Delayed coking is a non-catalytic thermal cracking process for treating various low value residual (“resid”) streams from petroleum refinery processes. The treatment enhances the value of such streams by converting them to lower boiling cracked products. In a conventional delayed coking process, as described for example in U.S. Pat. No. 4,455,219, feedstock is introduced to a fractionator to produce an overhead stream, a bottoms stream and at least one intermediate stream. The fractionator bottoms stream including recycle material is heated to coking temperature in a coker furnace. The heated feed is then transferred to a coke drum maintained at coking conditions of temperature and pressure where the feed decomposes to form coke and volatile components. The volatile components are recovered and returned to the fractionator. When the coke drum is full of solid coke, the feed is switched to another drum, and the full drum is cooled and emptied by conventional methods. Alternatively, feedstock may be supplied to the coker furnace without first passing through a fractionator, as described for example in U.S. Pat. No. 4,518,487.
The delayed coking process employs a furnace that operates at temperatures as high as about 1000° F., roughly 50 to 100° F. higher than the operating temperature of the coke drum. The high furnace temperatures can promote the rapid formation of insoluble coke deposits on the furnace tubes and transfer lines. When coke deposits reach excessive levels, the operation must be shut down and the furnace de-coked. Frequent interruptions for cleaning can lead to high operating costs due to increased amounts of time the operation is off-line, in addition to the costs of the de-coking operations.
Although the process is referred to as “coking”, coke is often the least valuable product of the operation. Thus, it is often desirable to minimize the amount of coke produced and maximize the production of other cracked products such as coker gasoline, distillates, and various gas oils. One approach to the problem of furnace fouling is described in U.S. Pat.
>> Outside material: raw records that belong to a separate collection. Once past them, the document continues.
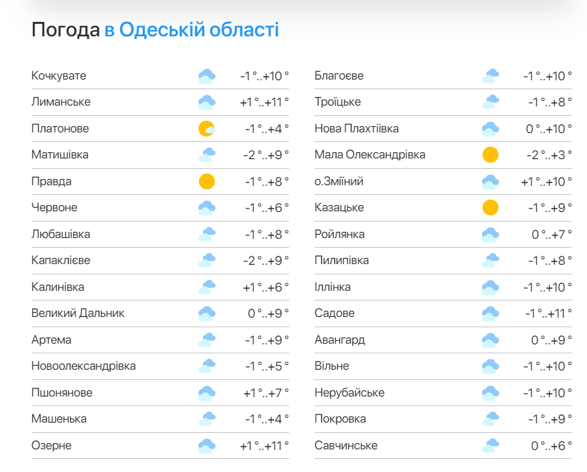 Прогноз погоды в Одесской области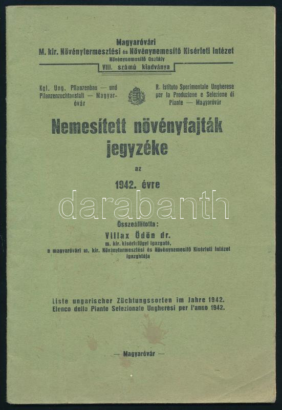 1942 Nemesített növényfajták jegyzéke az 1942. évre. Összeáll.: Villax Ödön. Magyaróvári M. kir. Növénytermesztési és Növénynemesítő Kisérleti Intézet Növénynemesítő Osztály VIII. sz. kiadványa. (Győr, Győregyházmegyei Alap-ny.), 36 p. Kiadói tűzött papírkötés, kissé foltos borítóval.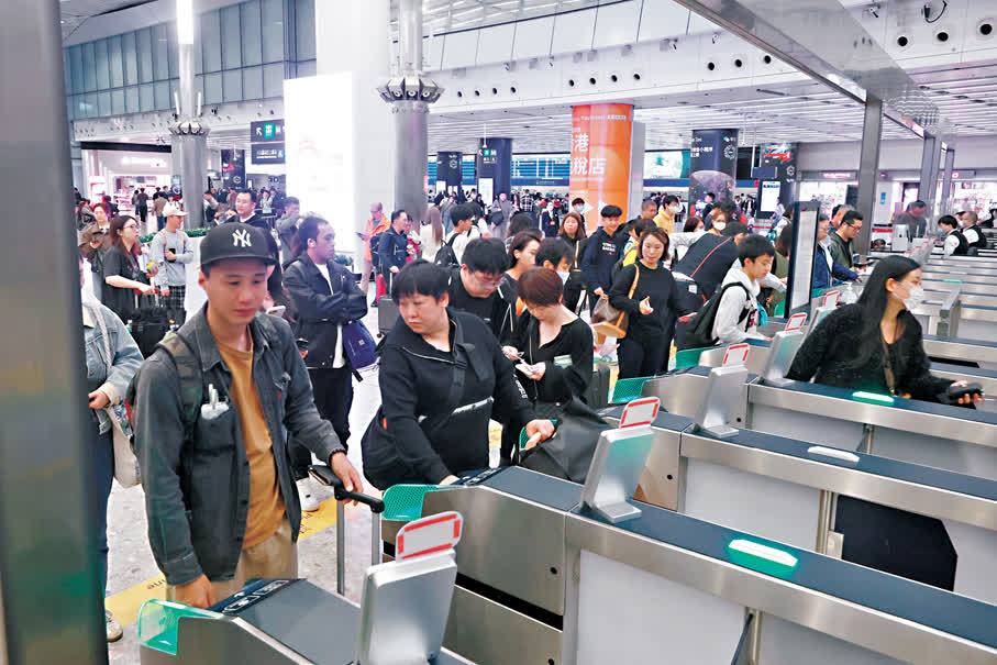 香港國際機場昨日迎來出入境人潮,其中離境大堂擠滿趁假期外遊的巿民,航空公司櫃枱前擠滿推着行李辦理登機手續的巿民,他們外遊目的地包括韓國、日本、越南及台灣地區,亦有巿民到內地度假。機場管理局預計聖誕及新年假期,每日最多約有1,200班航班升降,單日客流最高峰達20萬人次,機場停車場所有長期停車位昨日一度泊滿車。西九高鐵站亦人頭湧湧,香港旅遊業議會總幹事楊淑芬估計,聖誕假期約有1,500個旅行團離港,當中六成是往內地的高鐵團。

No. 4,455,219, wherein an internal recycle stream of volatile components produced during the coking operation (for example, flash zone gas oil, heavy coker gas oil, light coker gas oil, and coker naphtha) is substituted for part of the conventional coker heavy recycle stream. This approach reduces furnace fouling when using conventional coker feedstocks, but is not adequate to control furnace fouling when using coker feedstocks having a high propensity for furnace fouling. Although small amounts of feedstocks having a high propensity for furnace fouling can be blended in with conventional coker feedstocks, using them as the primary source of feed or blending them in large amounts with conventional feeds to a coker has not heretofore been feasible because of furnace fouling problems.
Thus, fouling of coker furnaces remains a costly problem.
This invention provides a method for reducing furnace fouling in a delayed coking process by increasing the aromaticity of the coker feedstock upstream of the coker furnace.
For simplicity, the term “aromatic gas oil” is used herein to refer to “an unhydrotreated aromatic gas oil, an unhydrotreated decant oil fraction, and combinations thereof.” Similarly, the term “hydrotreated aromatic gas oil” is used herein to refer to “a hydrotreated aromatic gas oil, a hydrotreated decant oil fraction and combinations thereof.”
In one embodiment, the invention provides a method for reducing furnace fouling in a delayed coking process in which the coker feed is supplied to the bottom of the coker fractionator to produce an overhead stream, a bottoms stream and at least one intermediate stream and the aromaticity of the bottoms stream is increased by combining with the bottoms stream at least one added stream upstream of the coker furnace to produce a modified stream.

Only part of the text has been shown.